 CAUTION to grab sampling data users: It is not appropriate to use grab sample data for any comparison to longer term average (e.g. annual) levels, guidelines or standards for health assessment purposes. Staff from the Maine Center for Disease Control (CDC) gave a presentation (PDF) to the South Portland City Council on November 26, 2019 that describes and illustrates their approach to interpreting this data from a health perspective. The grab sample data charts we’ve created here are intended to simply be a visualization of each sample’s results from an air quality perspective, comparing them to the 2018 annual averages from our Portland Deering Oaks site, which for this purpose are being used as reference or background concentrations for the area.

==

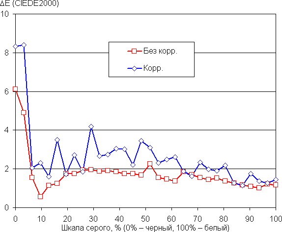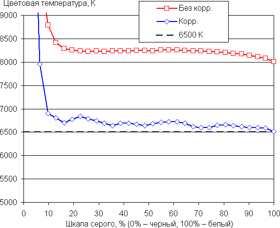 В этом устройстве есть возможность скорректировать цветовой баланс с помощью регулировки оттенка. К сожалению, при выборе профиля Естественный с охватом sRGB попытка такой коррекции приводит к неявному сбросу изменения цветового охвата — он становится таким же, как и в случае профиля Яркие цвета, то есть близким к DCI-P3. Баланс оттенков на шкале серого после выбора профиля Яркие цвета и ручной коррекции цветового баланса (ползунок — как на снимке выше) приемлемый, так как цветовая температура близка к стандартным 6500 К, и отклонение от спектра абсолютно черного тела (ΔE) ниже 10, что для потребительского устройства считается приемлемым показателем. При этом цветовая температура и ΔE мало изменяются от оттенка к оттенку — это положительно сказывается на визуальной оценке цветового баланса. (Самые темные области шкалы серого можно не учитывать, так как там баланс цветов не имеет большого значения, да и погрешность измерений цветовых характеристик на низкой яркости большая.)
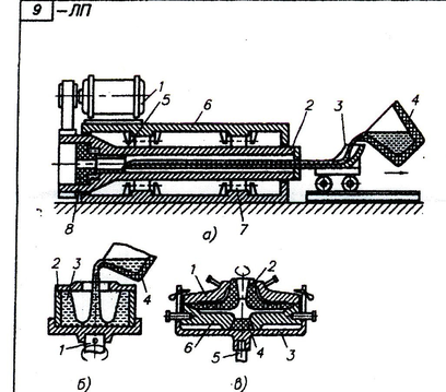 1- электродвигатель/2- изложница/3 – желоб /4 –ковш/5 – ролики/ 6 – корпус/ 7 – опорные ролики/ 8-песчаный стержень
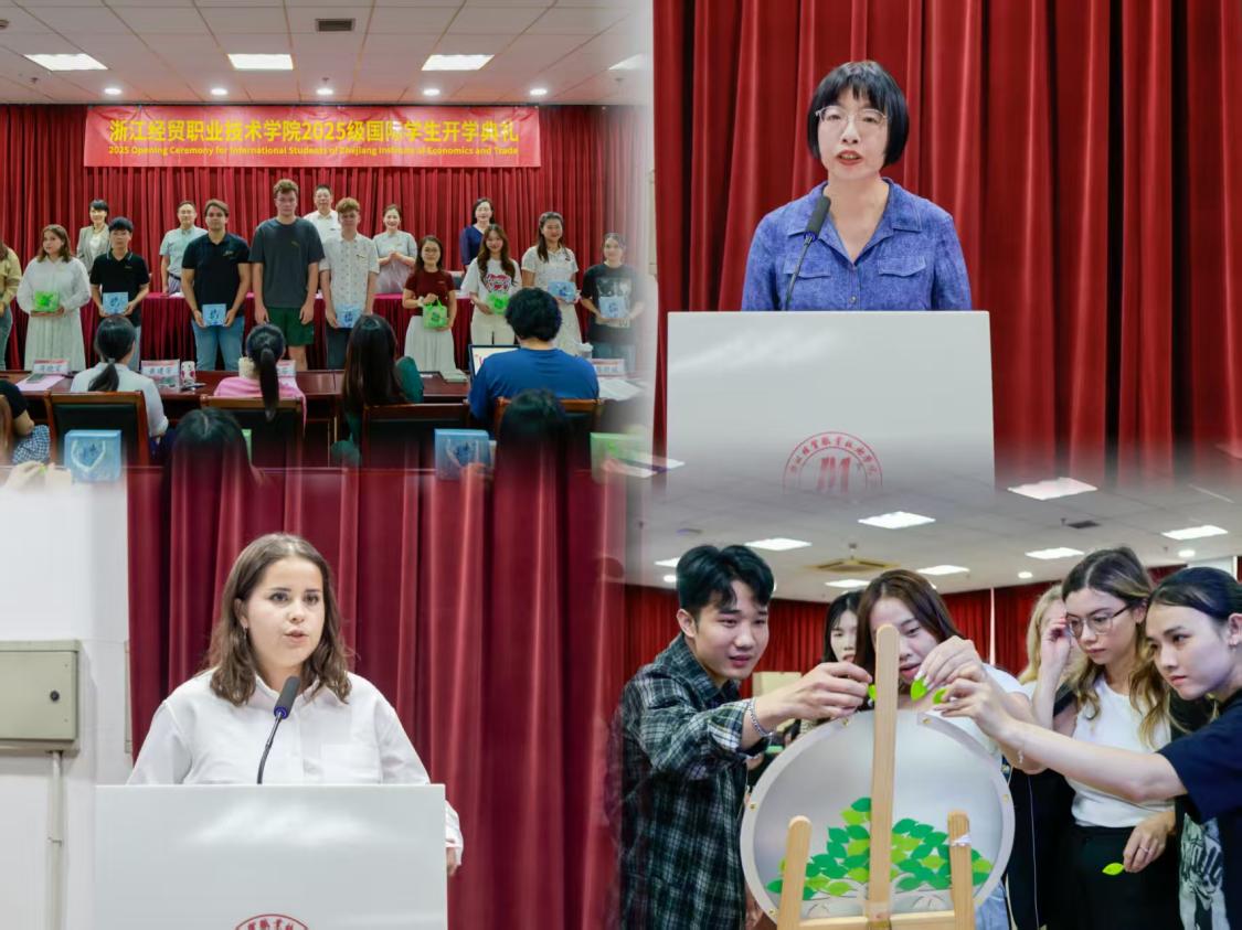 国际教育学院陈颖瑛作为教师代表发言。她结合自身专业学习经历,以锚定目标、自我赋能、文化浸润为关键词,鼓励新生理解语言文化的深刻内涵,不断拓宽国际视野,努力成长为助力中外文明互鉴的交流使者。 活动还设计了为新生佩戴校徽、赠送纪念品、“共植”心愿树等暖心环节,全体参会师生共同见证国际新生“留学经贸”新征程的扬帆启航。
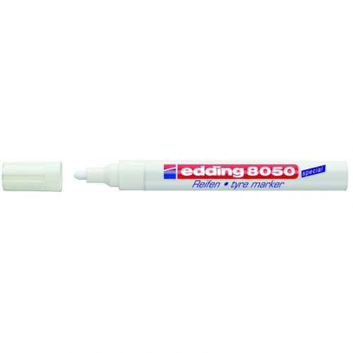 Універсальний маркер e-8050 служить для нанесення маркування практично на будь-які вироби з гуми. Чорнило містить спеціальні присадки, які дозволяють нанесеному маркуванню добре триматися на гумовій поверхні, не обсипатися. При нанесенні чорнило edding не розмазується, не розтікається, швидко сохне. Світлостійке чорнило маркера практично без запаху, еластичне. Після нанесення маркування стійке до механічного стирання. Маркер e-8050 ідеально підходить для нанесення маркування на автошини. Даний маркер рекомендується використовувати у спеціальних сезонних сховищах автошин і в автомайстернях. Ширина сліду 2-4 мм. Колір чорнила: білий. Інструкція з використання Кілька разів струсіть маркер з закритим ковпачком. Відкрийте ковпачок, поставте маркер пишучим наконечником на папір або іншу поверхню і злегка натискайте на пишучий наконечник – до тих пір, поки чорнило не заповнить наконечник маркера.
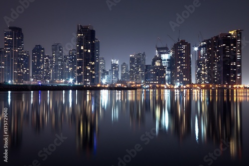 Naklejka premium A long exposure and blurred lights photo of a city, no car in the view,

==

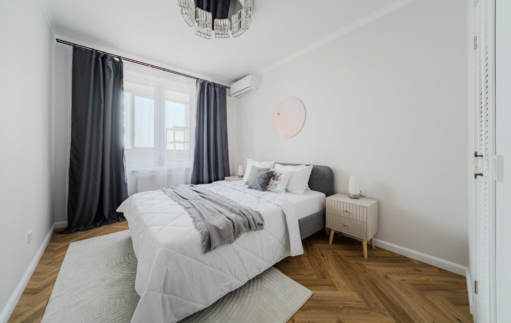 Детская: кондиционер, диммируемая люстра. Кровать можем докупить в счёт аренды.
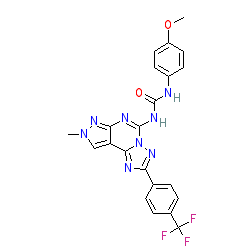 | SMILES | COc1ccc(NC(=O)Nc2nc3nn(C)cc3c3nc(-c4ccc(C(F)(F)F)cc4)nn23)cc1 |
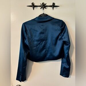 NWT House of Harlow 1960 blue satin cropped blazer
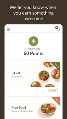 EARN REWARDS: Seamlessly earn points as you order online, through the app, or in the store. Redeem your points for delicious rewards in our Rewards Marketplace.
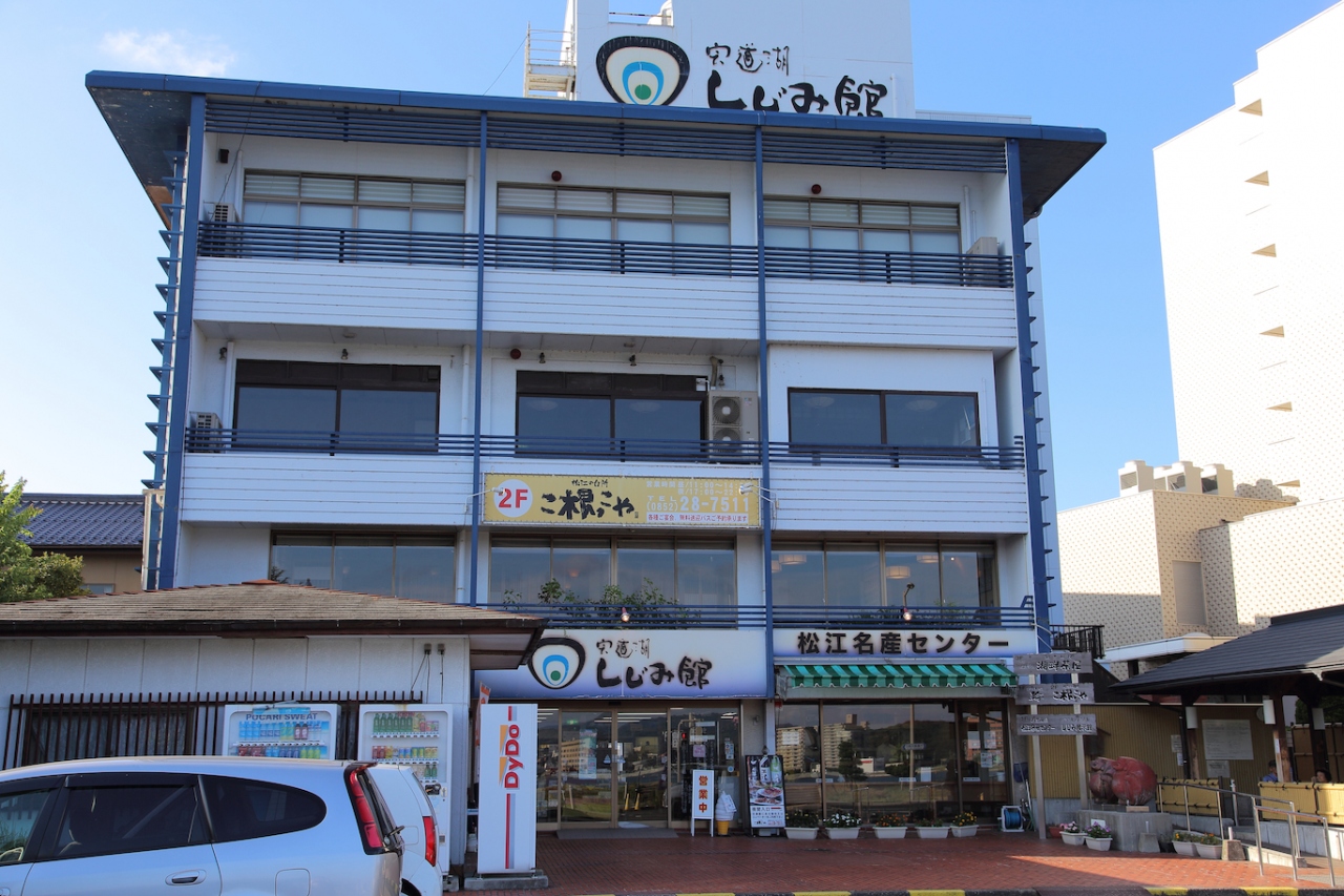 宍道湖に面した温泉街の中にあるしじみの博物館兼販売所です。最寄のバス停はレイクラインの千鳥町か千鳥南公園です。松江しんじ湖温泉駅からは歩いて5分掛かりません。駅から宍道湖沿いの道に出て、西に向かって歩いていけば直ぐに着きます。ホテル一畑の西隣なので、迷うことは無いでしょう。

What you will do: Within the listing above, extract exactly the lines that run from the one containing "EARN REWARDS: Seamlessly" through the one containing "宍道湖に面した温泉街の中にあ", excluding any pictures.

Answer box:
 EARN REWARDS: Seamlessly earn points as you order online, through the app, or in the store. Redeem your points for delicious rewards in our Rewards Marketplace.
 宍道湖に面した温泉街の中にあるしじみの博物館兼販売所です。最寄のバス停はレイクラインの千鳥町か千鳥南公園です。松江しんじ湖温泉駅からは歩いて5分掛かりません。駅から宍道湖沿いの道に出て、西に向かって歩いていけば直ぐに着きます。ホテル一畑の西隣なので、迷うことは無いでしょう。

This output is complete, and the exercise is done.